1. Finished the ER rando run by pivoting to the ever-reliable blasphemous blade. I tried to deal with Fire Dragonkin+Placidusax with rot daggers and the ornamental straight swords, but it just wasn’t happening. Farum Azula was a breeze, with Godskin Horah Loux, Field Trip Rennala and Fire Giant. Godskin Duo replaced Gideon Ofnir (continuing the theme of duo fights in that arena), which also wasn’t much of a challenge.

    Unfortunately, Gideon had moved one step ahead as the first phase of Godfrey/HL, followed by Mohg, Lord of Blood. Two of my least favourite fights, but blasphemous blade prevailed.

    I was getting pretty tired of the rando at this point, but my patience was rewarded when Leonine Misbegotten of the Golden Order was followed not only by Elden Apostle, but also Elden Noble, resulting in a four-phase final boss fight culminating in the dramatic defeat of… Elden Snail.

  2. First Elden Ring randomiser attempt highlights so far:

    Started out with dual rot daggers, quickly found Ornamental straight swords, Millicent’s Prosthetic and consecutive attack tear for a no-brainer dex build

    Malenia, the Fell Omen. I’m good at the Malenia fight… in her arena, with a level 125 character. Stormveil is off-limits for most of the game, but it doesn’t prevent progress.
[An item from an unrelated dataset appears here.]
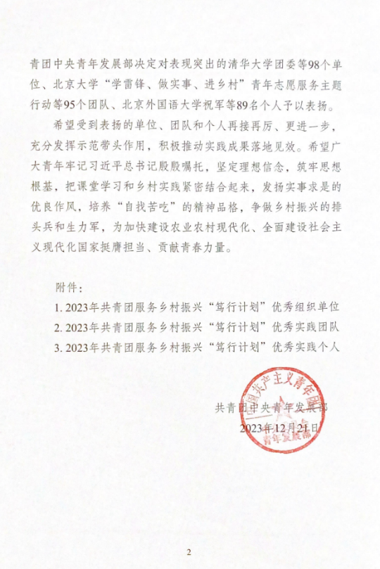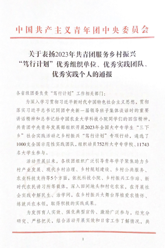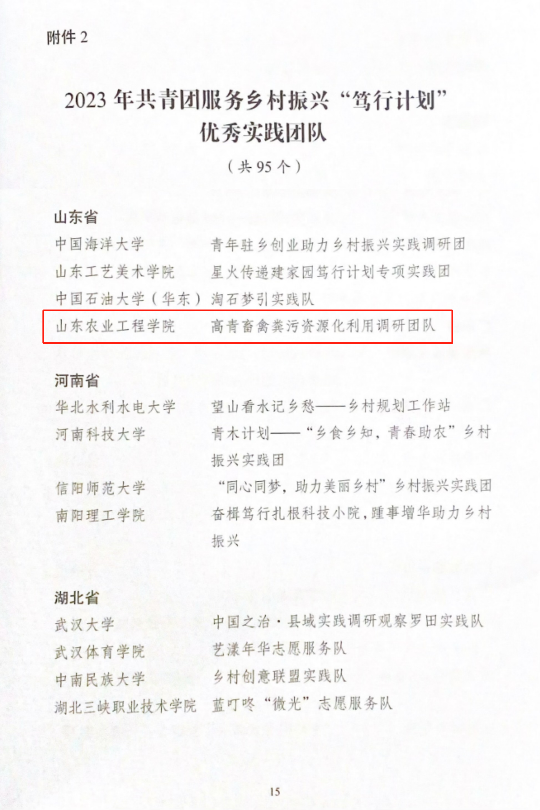 近日,共青团中央对2023年暑期“三下乡”社会实践活动中表现突出的优秀集体和个人进行通报表扬。今年会人文学院“沂蒙红嫂宣传队”获评2023年全国大中专学生志愿者文化科技卫生“三下乡”社会实践活动优秀团队;资源与环境工程学院“高青畜禽粪污资源化利用团队”荣获2023年共青团服务乡村振兴“笃行计划”优秀实践团队。

    First hard wall was Valiant Gargoyles, The First Elden Lord. Their poison clouds can almost fill the entire arena. Eventually got them with Death’s Poker and a +10 Mimic Tear, well-supplied with rotten meat dumplings for healing.

    Smooth sailing through the underground and mountaintops until Fire Giant turned out to be ice lightning dragonkin into Placidusax. Time for a break, I’ll figure out how to deal with them later. Maybe dig out the rot daggers again…

  3. Completed thomaswasalone.com. It’s a really beautiful game — perfect narrative, perfect gameplay, wonderful voice acting, excellent music.

    Most multi-character co-op games simply treat the different characters as providing different abilities, but Thomas Was Alone creates meaningful, believable relationships between them, despite them being non-marked, non-emoting rectangles. I enjoyed it even more than Home Sheep Home (the iOS Shaun the Sheep game), which is saying something (I was in the Game Centre top 5% for HSH2 for quite some time).

    Another plus: it can be scaled up to retina-display resolution, making those rectangles extremely crisp despite the subtle tilt placed on every level.